Recently in the COVID-19 pandemic, there has been an increased incidence of maxillofacial mucormycosis. By June 2021, over 40,000 cases of mucormycosis were reported in India [25, 26]. The standard treatment for these maxillofacial mucormycosis is surgical debridement depending on the extent of infection, leading to various types of maxillectomy defects. This has led to a massive burden of cases requiring rehabilitation of these defects. As with any other maxillectomy defect, the reconstruction option remains the same, which ranges from hollow bulb obturator to free flap reconstruction [27,28,29]. The option of VSP and additive manufacturing offers a suitable alternative for the rehabilitation of such patients.

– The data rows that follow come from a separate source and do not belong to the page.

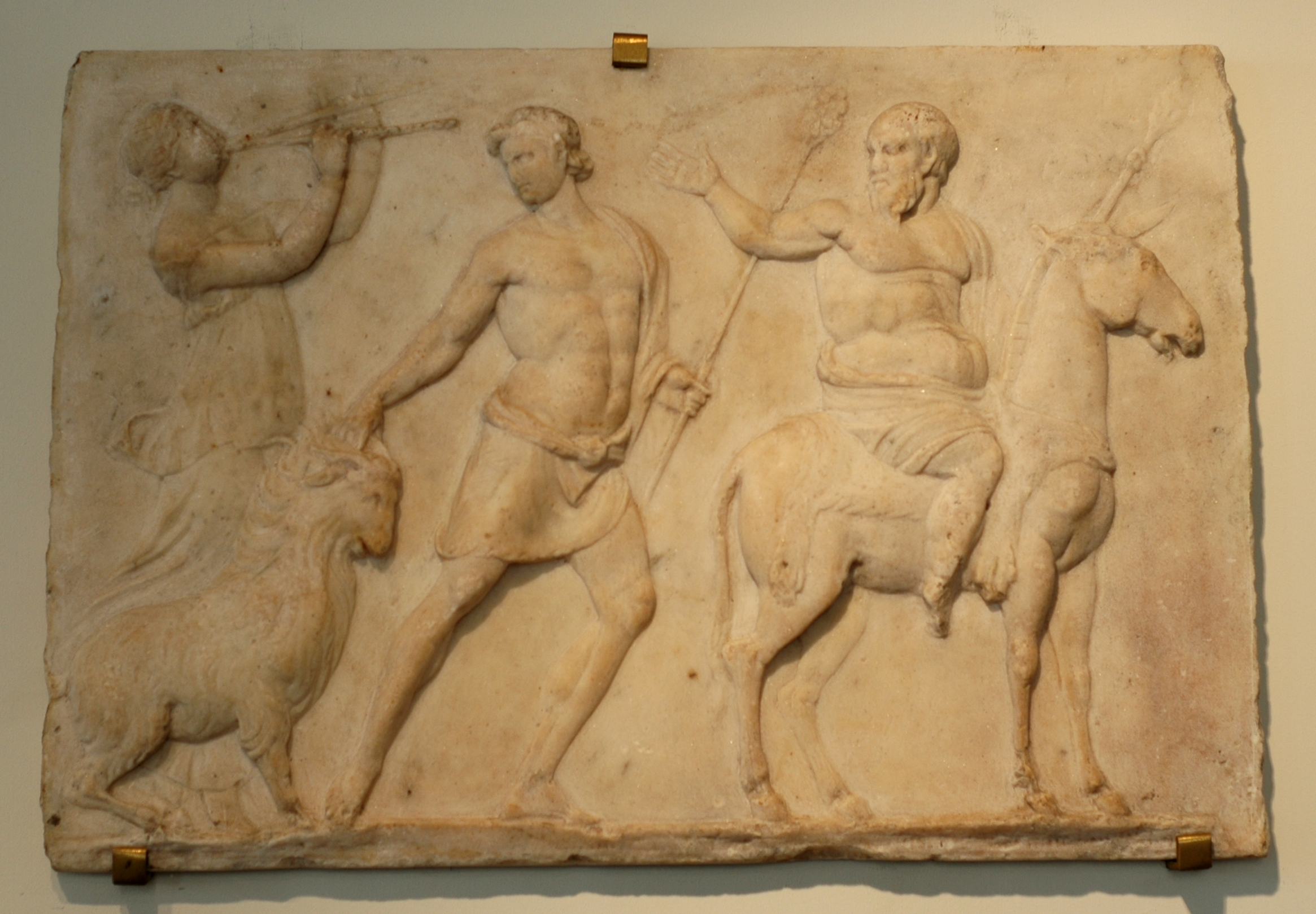 Silenus riding a donkey. White marble, late 1st century BC.
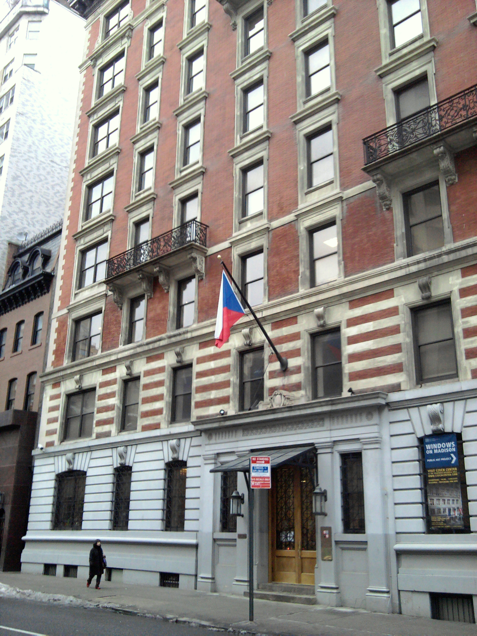 Looking east from Madison Avenue at Czech Center on a cloudy afternoon after snow.
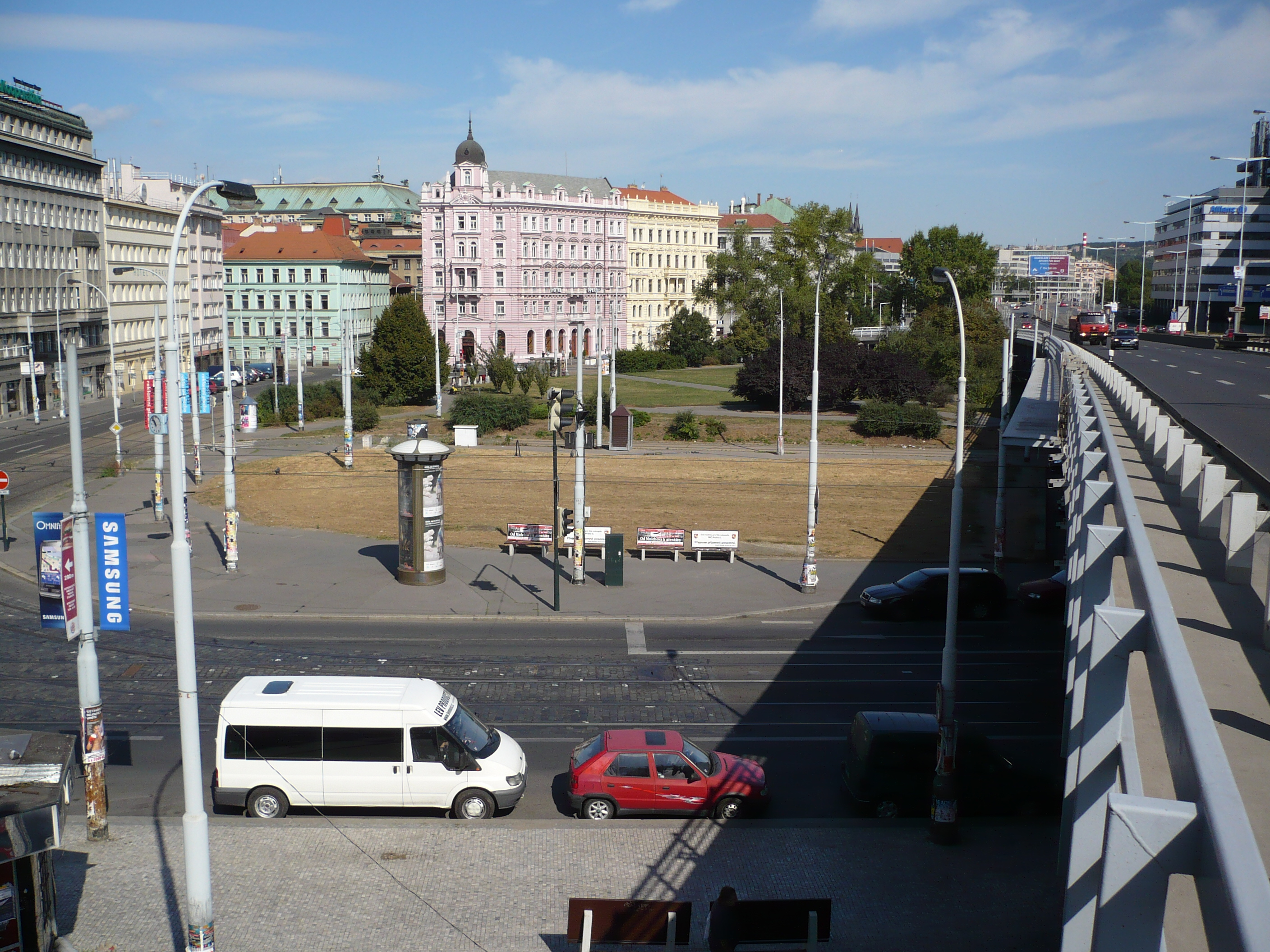 Park that replaced demolished building of Northwestern Railway Station in Prague
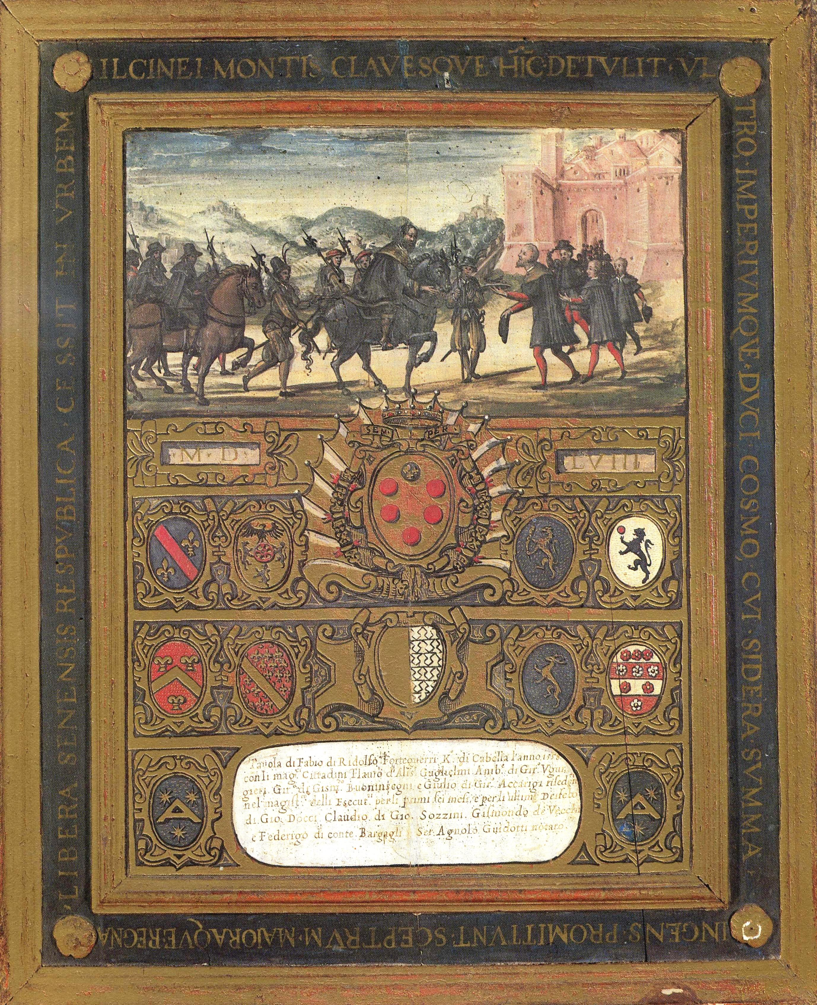 The yield of the Republic of Siena in Montalcino
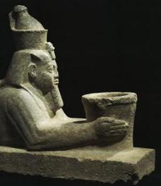 Head of Nubian ruler during the Kingdom of Kush
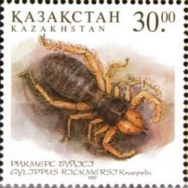 Stamp of Kazakhstan
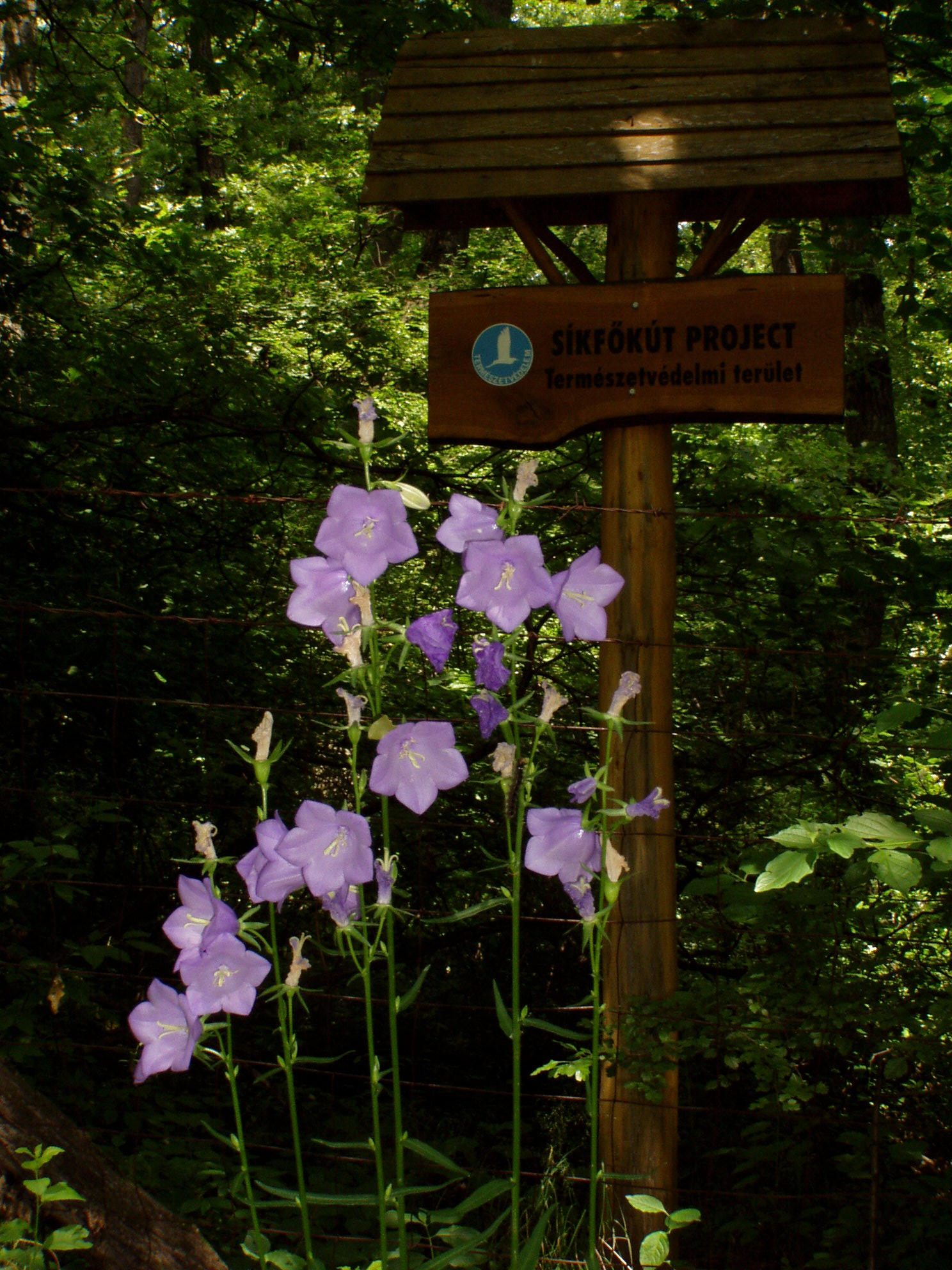 The photo was taken from the meteorological tower at the Sikfokut Project protected area.
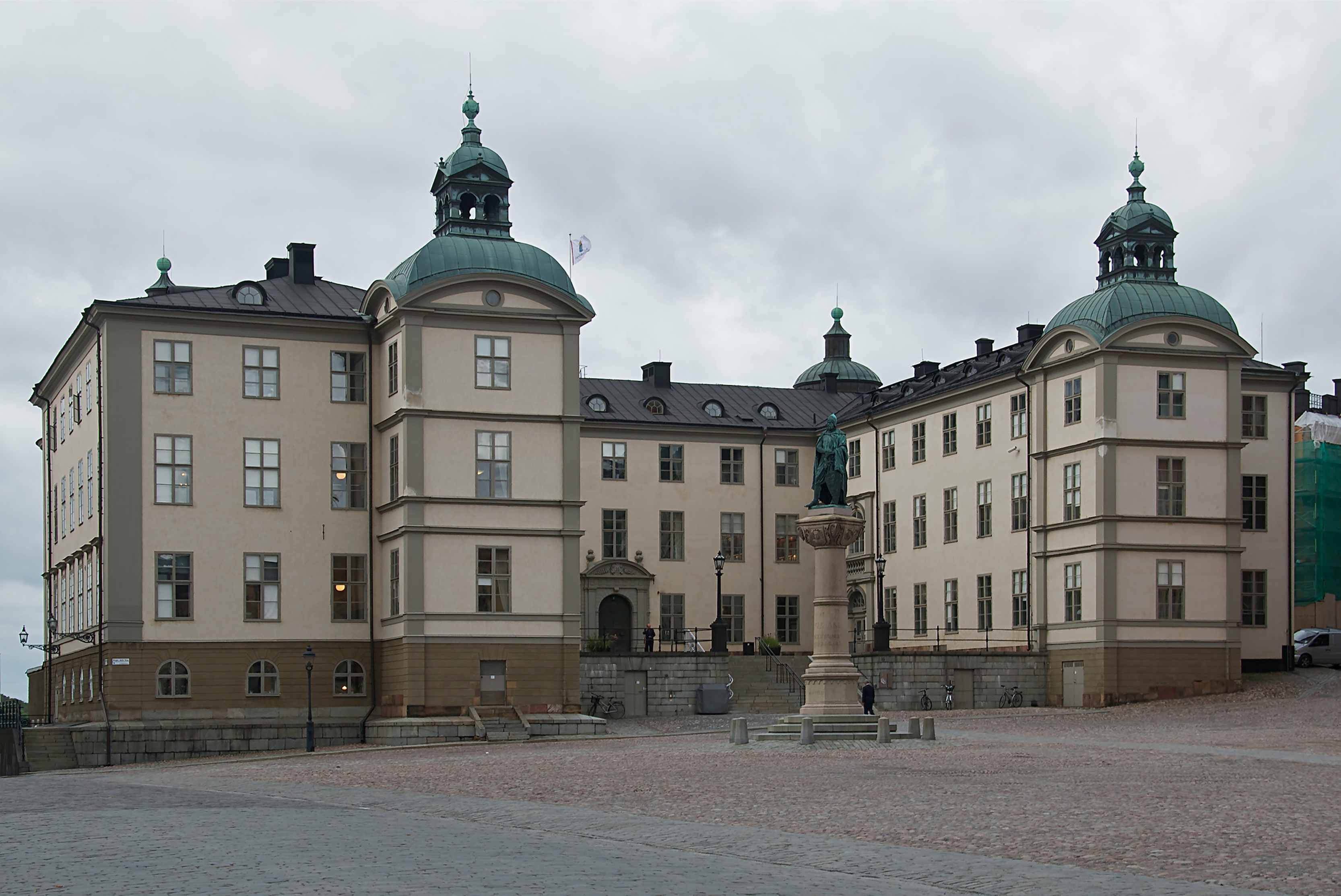 Wrangelska palatset
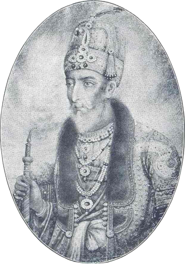 Bahadur Shah II, also known as Zafar.
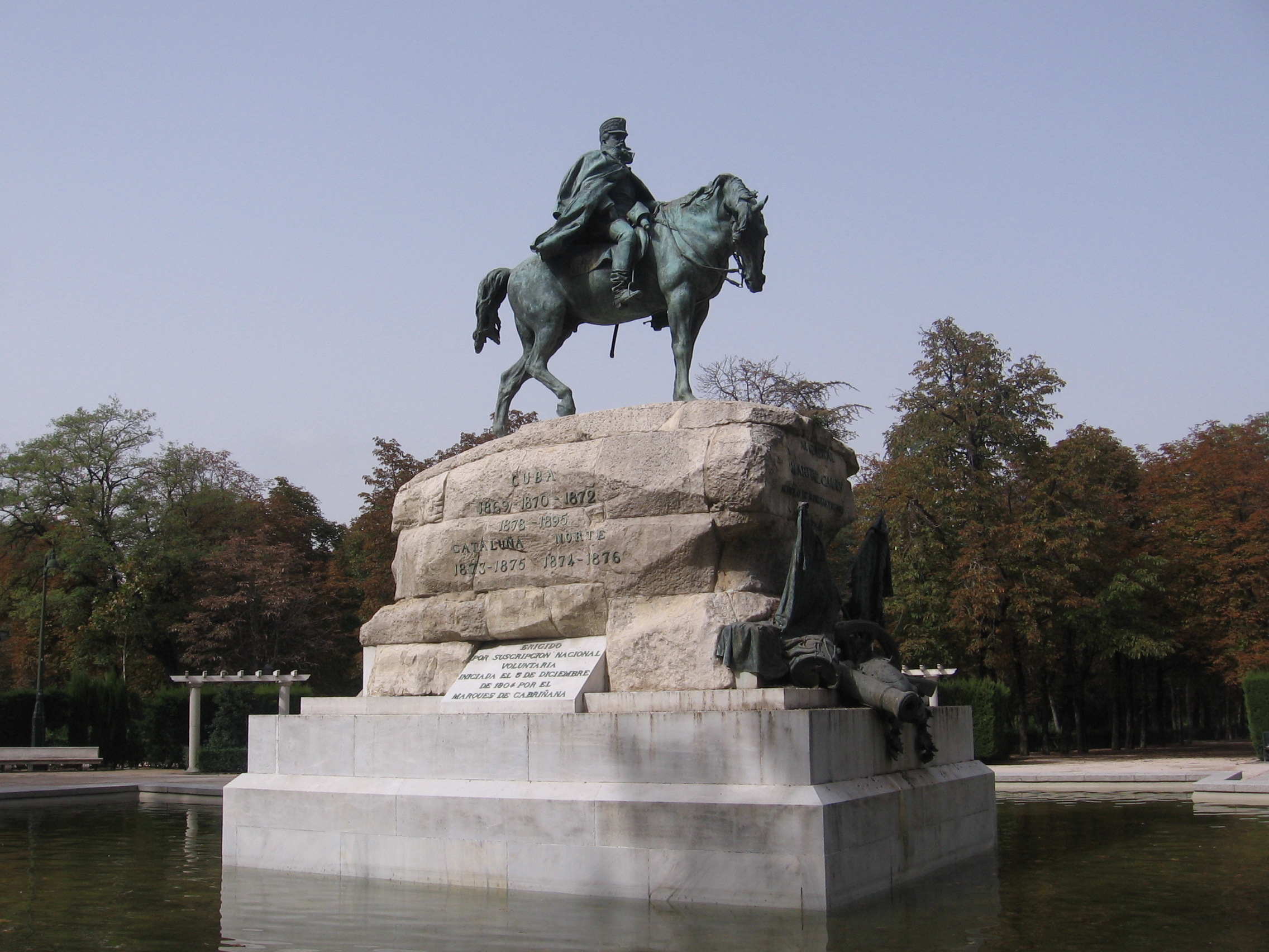 Parque del Buen Retiro, Madrid.
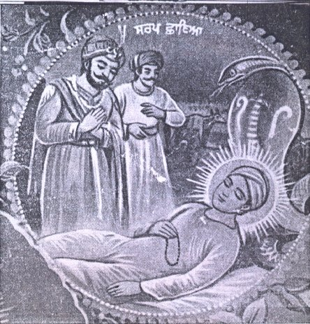 Rai Bular Bhatti is enchanted to see Guru Nanak being protected from the sun by a Cobra. This is one of the many instances which rai Bular witnessed.
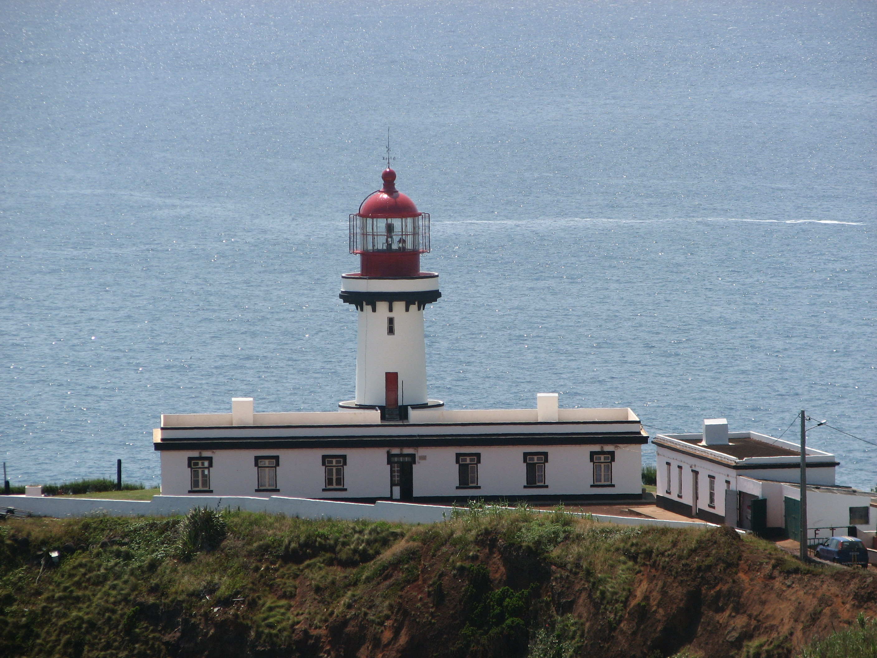 The lighthouse at Ponta do Topo, São Jorge, Azores.
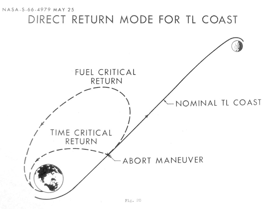 During the Trans-Lunar Coast phase of an Apollo lunar landing mission, the Direct Abort is identified as the primary emergency return mode unless the spacecraft has entered the proximity of the lunar sphere of influence (SOI), after which point the "delay to post-pericynthion abort" becomes primary. The Direct Abort can be accomplished with large burn to a time-critical return trajectory, or with a smaller burn to a fuel-critical return trajectory. See text at [1]
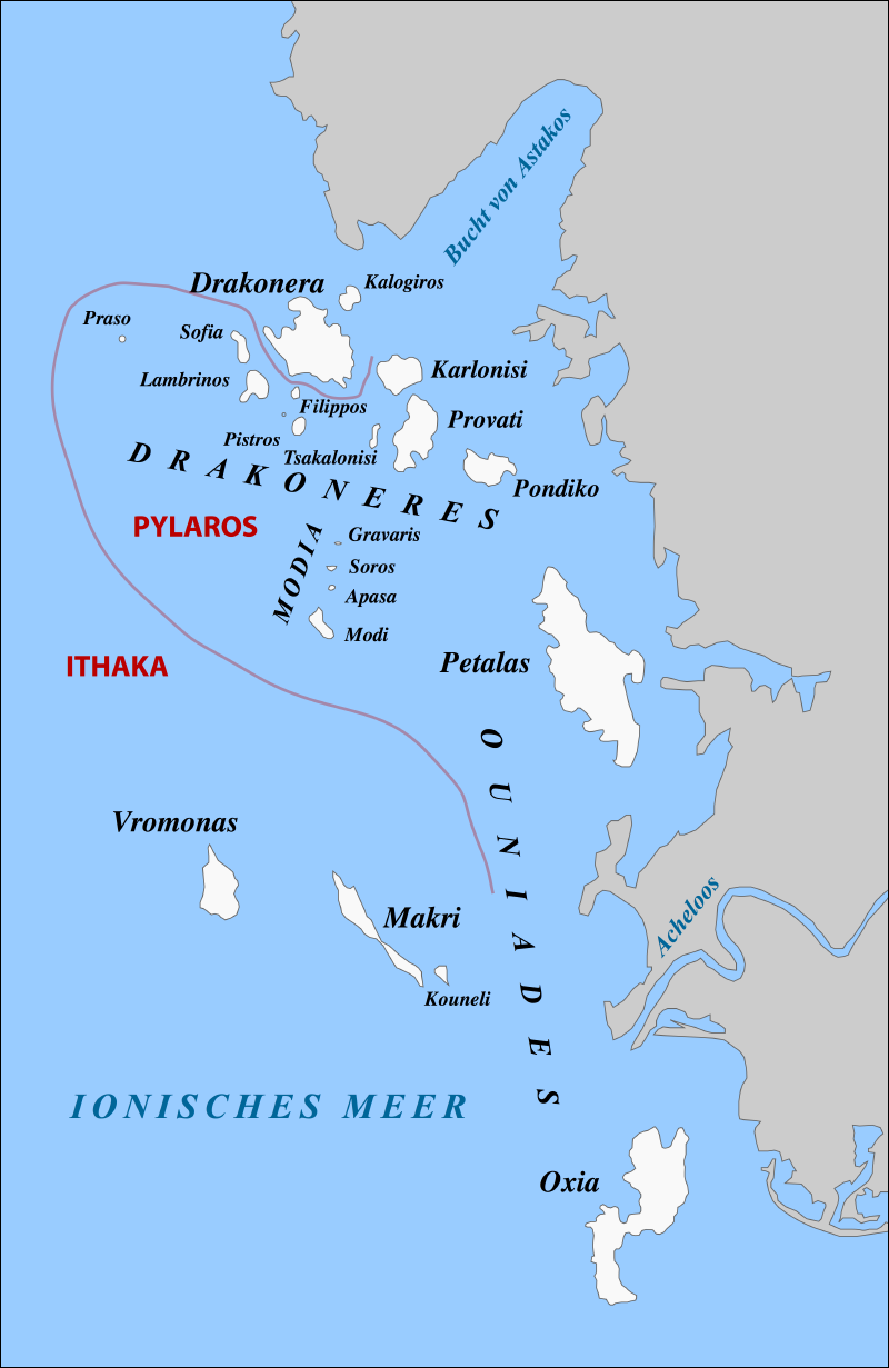 Echinades Archipelagos, Greece (German)

Even with all its benefits, VSP can potentially be challenging and have pitfalls of their own [30]. There has to be proper communication between the engineers and the surgeon during the planning, to minimize incorporation of any error. Additionally, the simulation of occlusion in centric relation during the virtual planning can be challenging. For pathology resection planning, the resection margins can vary intra-operatively from the one as determined during the VSP. These modifications intra-operatively can be detrimental to the PSI fixation, if a simultaneous resection and rehabilitation had been planned. It is important to understand that the VSP can work as a useful adjunct and should always be preceded by clinical examination and judgment.